Surgery: As Zemimet SR contains metformin, the treatment should be discontinued 48 hours before elective surgery with general, spinal, or epidural anaesthesia. Zemimet SR should not usually be resumed earlier than 48 hours afterwards and only after renal function has been re-evaluated and found to be normal.
Administration of iodinated contrast agent: The intravascular administration of iodinated contrast agents in radiological studies can lead to renal failure which has been associated with lactic acidosis in patients receiving metformin. Therefore, Zemimet SR must be discontinued prior to, or at the time of the test and not reinstituted until 48 hours afterwards, and only after renal function has been re-evaluated and found to be normal.
Regular monitoring of thyroid-stimulating hormone (TSH) levels is recommended in patients with hypothyroidism.
Long-term treatment with metformin has been associated with a decrease in vitamin B12 serum levels which may cause peripheral neuropathy. Monitoring of the vitamin B12 level is recommended.

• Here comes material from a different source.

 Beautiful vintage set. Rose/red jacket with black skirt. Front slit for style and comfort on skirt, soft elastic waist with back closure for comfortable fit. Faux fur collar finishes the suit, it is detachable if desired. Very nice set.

Other precautions: All patients should continue their diet with a regular distribution of carbohydrate intake during the day. Overweight patients should continue their energy-restricted diet.
The usual laboratory tests for diabetes monitoring should be performed regularly.

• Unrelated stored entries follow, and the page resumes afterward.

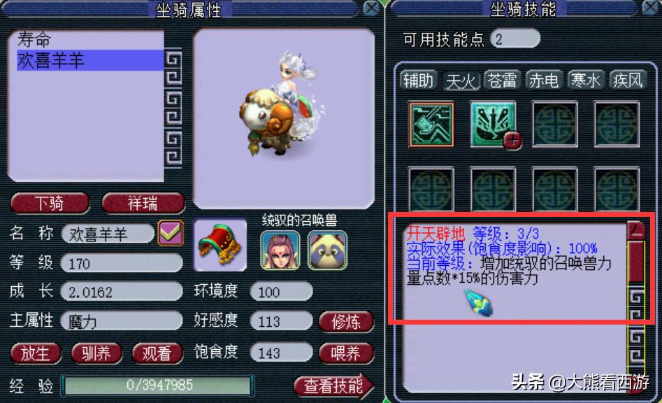 也就是说在坐骑点了“开天辟地”技能的情况下,只要你的宝宝成长能大于1.183,那么这只宝宝的力量加成实际上是要比纯伤害更高的。比如你的BB成长是1.25,那么加上开天辟地的加成,1点力量带来的总加成(面板+隐藏)就能达到1.4攻击,这难道不比纯伤害的1.33更香吗?况且现在谁还用成长低于1.183的宝宝做攻宠?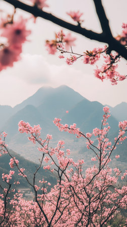 Cherry blossoms with mountain backdrop, scenic landscape. Nature and serenity concept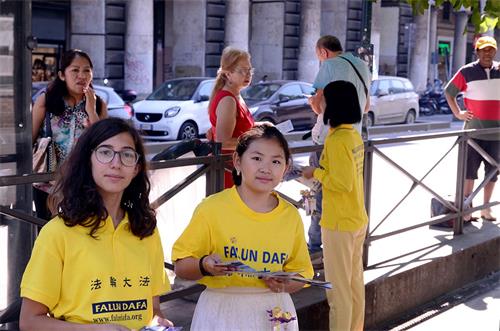 二零一九年七月二十日是法轮功反迫害二十周年,上午,在罗马维多利奥广场(Piazza Vittorio Emanuele)开展了法轮功反迫害二十周年活动,罗马维多利奥广场位于罗马华人中国城的中心地带,是当地华人聚集的地方,活动期间许多民众驻足了解,表示支持法轮功学员,也有不少人对功法表现出很大兴趣,表示要去炼功点学功。

The tablet shells may be present in the feces. Patients should be advised that this is normal.
Effects on ability to drive and use machines: When driving or using machines, caution should be exercised as dizziness has been reported. In addition, patients should be alerted to the risk of hypoglycemia when Zemimet SR is used in combination with other anti-diabetic medicinal products known to cause hypoglycemia (e.g. sulfonylureas, insulin).